The encoding pipeline:

  1. Prepend and replace all spaces with
  2. Split on added tokens (special tokens preserved atomically)
  3. Run Viterbi to find the optimal segmentation
  4. Unmapped characters → UTF-8 bytes → <0xNN> token IDs

UnigramTokenizer is used automatically by FlanT5TextGenerator, CoeditGrammarCorrector, and T5SqlGenerator. It reads vocabulary and scores from tokenizer.json.

Default behavior

You don't need to configure tokenizers for standard use.
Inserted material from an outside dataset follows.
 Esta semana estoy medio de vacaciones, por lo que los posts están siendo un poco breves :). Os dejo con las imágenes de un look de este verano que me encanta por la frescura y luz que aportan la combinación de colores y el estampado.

Every NLP wrapper auto-loads the correct tokenizer from the model directory during .build():

// WordPiece loaded automatically from vocab.txt
try (var classifier = DistilBertTextClassifier.builder()
        .modelId("inference4j/distilbert-base-uncased-finetuned-sst-2-english")
        .build()) {
    classifier.classify("This movie was fantastic!");
}

// BPE loaded automatically from vocab.json + merges.txt
try (var classifier = ClipClassifier.builder().build()) {
    classifier.classify(Path.of("photo.jpg"), List.of("cat", "dog", "bird"));
}

The wrapper knows which tokenizer algorithm its model expects and which vocabulary files to look for.

Supplying a custom tokenizer

All NLP builders expose a .tokenizer() method that lets you override the default:

Tokenizer myTokenizer = WordPieceTokenizer.fromVocabFile(Path.of("/path/to/my/vocab.txt"));

try (var embedder = SentenceTransformerEmbedder.builder()
        .modelId("my-custom-model")
        .tokenizer(myTokenizer)
        .build()) {
    float[] embedding = embedder.encode("Hello, world!");
}

When you provide a tokenizer, the wrapper skips auto-loading and uses yours directly.
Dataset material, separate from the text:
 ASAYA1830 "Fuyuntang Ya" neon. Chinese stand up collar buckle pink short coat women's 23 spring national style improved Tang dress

When to use a custom tokenizer

Shared instances — if you're running multiple wrappers against the same vocabulary, share a single tokenizer instance to avoid loading the vocabulary file multiple times:

Tokenizer shared = WordPieceTokenizer.fromVocabFile(Path.of("vocab.txt"));

try (var embedder = SentenceTransformerEmbedder.builder()
            .modelId("my-model").tokenizer(shared).build();
     var classifier = DistilBertTextClassifier.builder()
            .modelId("my-model").tokenizer(shared).build()) {
    // Both use the same tokenizer instance
}

Custom vocabulary — if you've fine-tuned a model with a modified vocabulary, point the tokenizer at your custom vocab.txt:

Tokenizer tokenizer = WordPieceTokenizer.fromVocabFile(Path.of("my-custom-vocab.txt"));
try (var classifier = DistilBertTextClassifier.builder()
        .tokenizer(tokenizer)
        .modelSource(LocalModelSource.of(Path.of("my-finetuned-model")))
        .build()) {
    classifier.classify("custom domain text");
}

Testing — supply a mock or stub tokenizer in unit tests to isolate inference logic from tokenization:

Tokenizer stub = text -> new EncodedInput(
    new long[]{101, 7592, 102},
    new long[]{1, 1, 1},
    new long[]{0, 0, 0}
);

The EncodedInput record

All tokenizers return an EncodedInput containing the three standard tensors that transformer models expect:

public record EncodedInput(
    long[] inputIds,       // token IDs from the vocabulary
    long[] attentionMask,  // 1 for real tokens, 0 for padding
    long[] tokenTypeIds    // segment IDs (0 for first sentence, 1 for second)
) {}
Field Purpose Example
inputIds Maps each token to its vocabulary index [101, 7592, 2088, 102]
attentionMask Tells the model which positions are real tokens vs padding [1, 1, 1, 1]
tokenTypeIds Distinguishes sentence A from sentence B in pair tasks [0, 0, 0, 0]

Tips

  • You almost never need to touch tokenizers. The default auto-loading handles standard HuggingFace models out of the box.
  • Tokenizer and model must match. A tokenizer trained on one vocabulary will produce wrong token IDs for a model trained on a different vocabulary. Always use the tokenizer that shipped with your model.
  • maxLength matters. Most BERT models use 512 tokens max. CLIP uses 77. Exceeding the model's trained length produces undefined results. The wrappers set this automatically.
  • WordPiece does not pad, BPE does. WordPiece returns only the actual tokens (variable length). BPE pads to maxLength with zeros. Both behaviors match what their respective model families expect.